**DIRECTIONS FOR THIS TASK:** All of the data must be output exactly, with every picture left out.

**AVAILABLE DATA:**
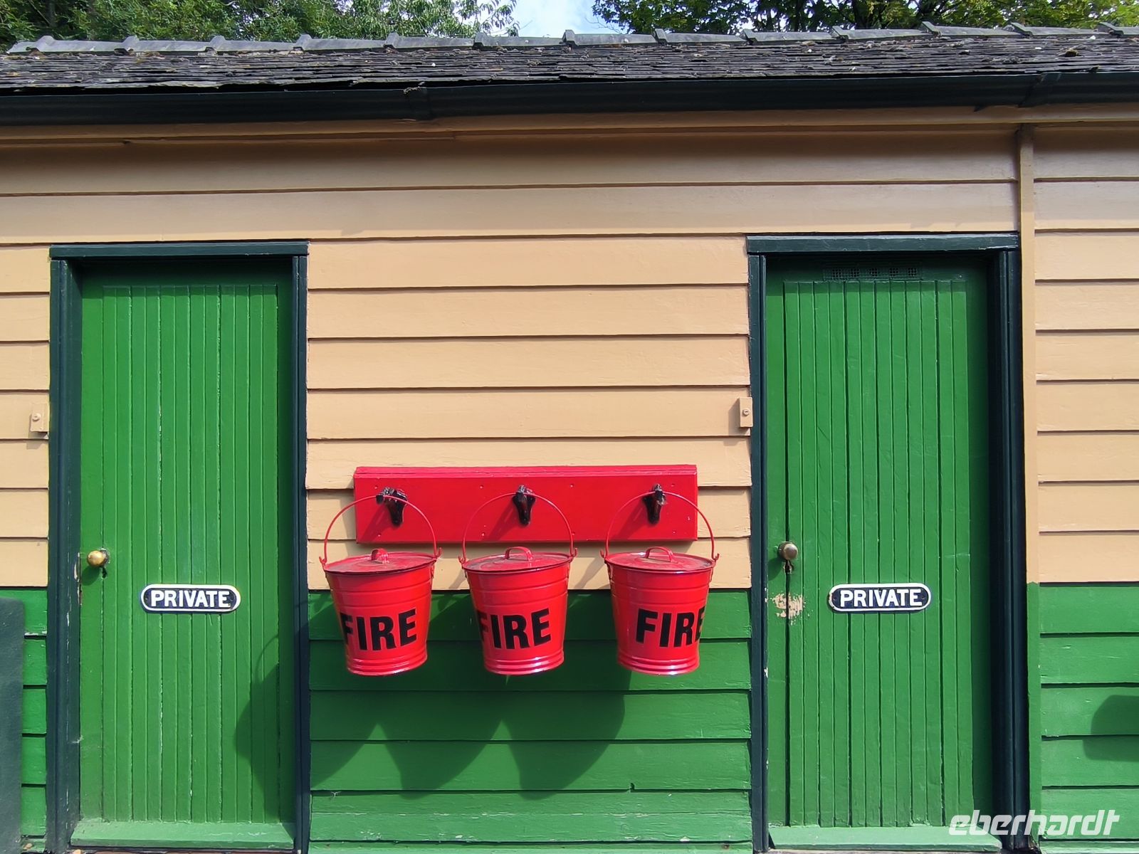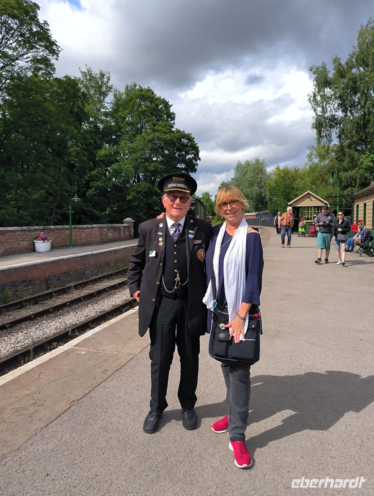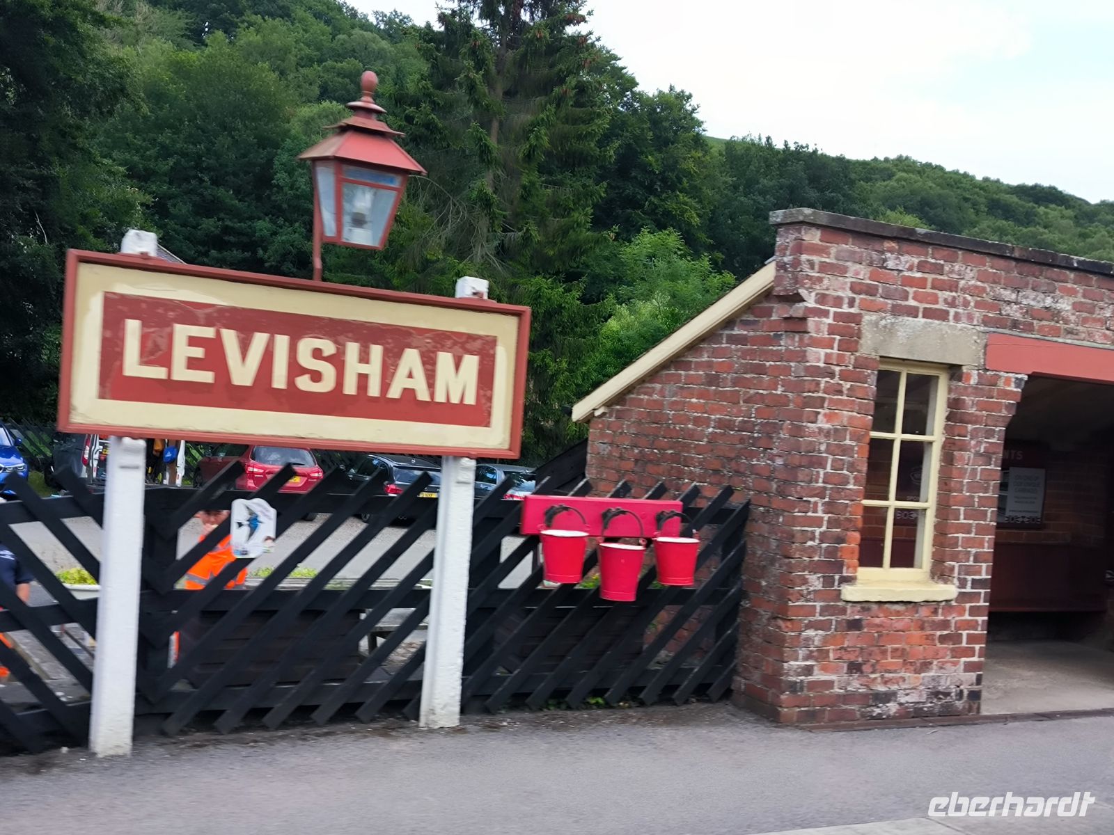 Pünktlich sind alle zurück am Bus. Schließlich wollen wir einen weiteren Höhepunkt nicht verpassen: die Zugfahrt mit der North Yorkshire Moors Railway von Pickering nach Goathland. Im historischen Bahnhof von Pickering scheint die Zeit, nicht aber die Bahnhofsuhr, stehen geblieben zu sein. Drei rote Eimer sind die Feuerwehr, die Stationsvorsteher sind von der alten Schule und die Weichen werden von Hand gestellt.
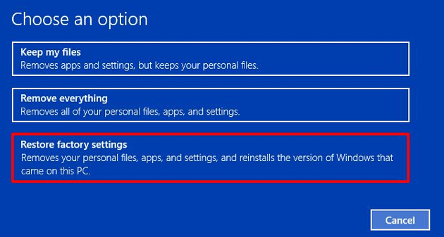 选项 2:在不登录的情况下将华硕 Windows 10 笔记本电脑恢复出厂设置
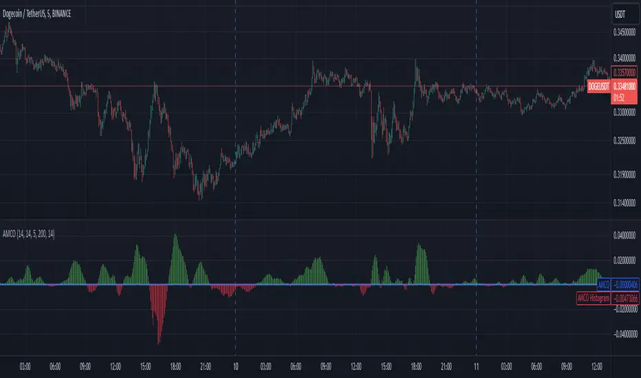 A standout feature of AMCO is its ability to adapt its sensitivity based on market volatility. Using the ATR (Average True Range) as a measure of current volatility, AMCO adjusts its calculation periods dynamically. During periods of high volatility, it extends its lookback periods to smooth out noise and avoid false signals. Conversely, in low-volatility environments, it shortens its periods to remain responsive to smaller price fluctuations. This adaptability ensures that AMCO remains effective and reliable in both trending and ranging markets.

**RESPONSE AREA:**
 Pünktlich sind alle zurück am Bus. Schließlich wollen wir einen weiteren Höhepunkt nicht verpassen: die Zugfahrt mit der North Yorkshire Moors Railway von Pickering nach Goathland. Im historischen Bahnhof von Pickering scheint die Zeit, nicht aber die Bahnhofsuhr, stehen geblieben zu sein. Drei rote Eimer sind die Feuerwehr, die Stationsvorsteher sind von der alten Schule und die Weichen werden von Hand gestellt.
 选项 2:在不登录的情况下将华硕 Windows 10 笔记本电脑恢复出厂设置
 A standout feature of AMCO is its ability to adapt its sensitivity based on market volatility. Using the ATR (Average True Range) as a measure of current volatility, AMCO adjusts its calculation periods dynamically. During periods of high volatility, it extends its lookback periods to smooth out noise and avoid false signals. Conversely, in low-volatility environments, it shortens its periods to remain responsive to smaller price fluctuations. This adaptability ensures that AMCO remains effective and reliable in both trending and ranging markets.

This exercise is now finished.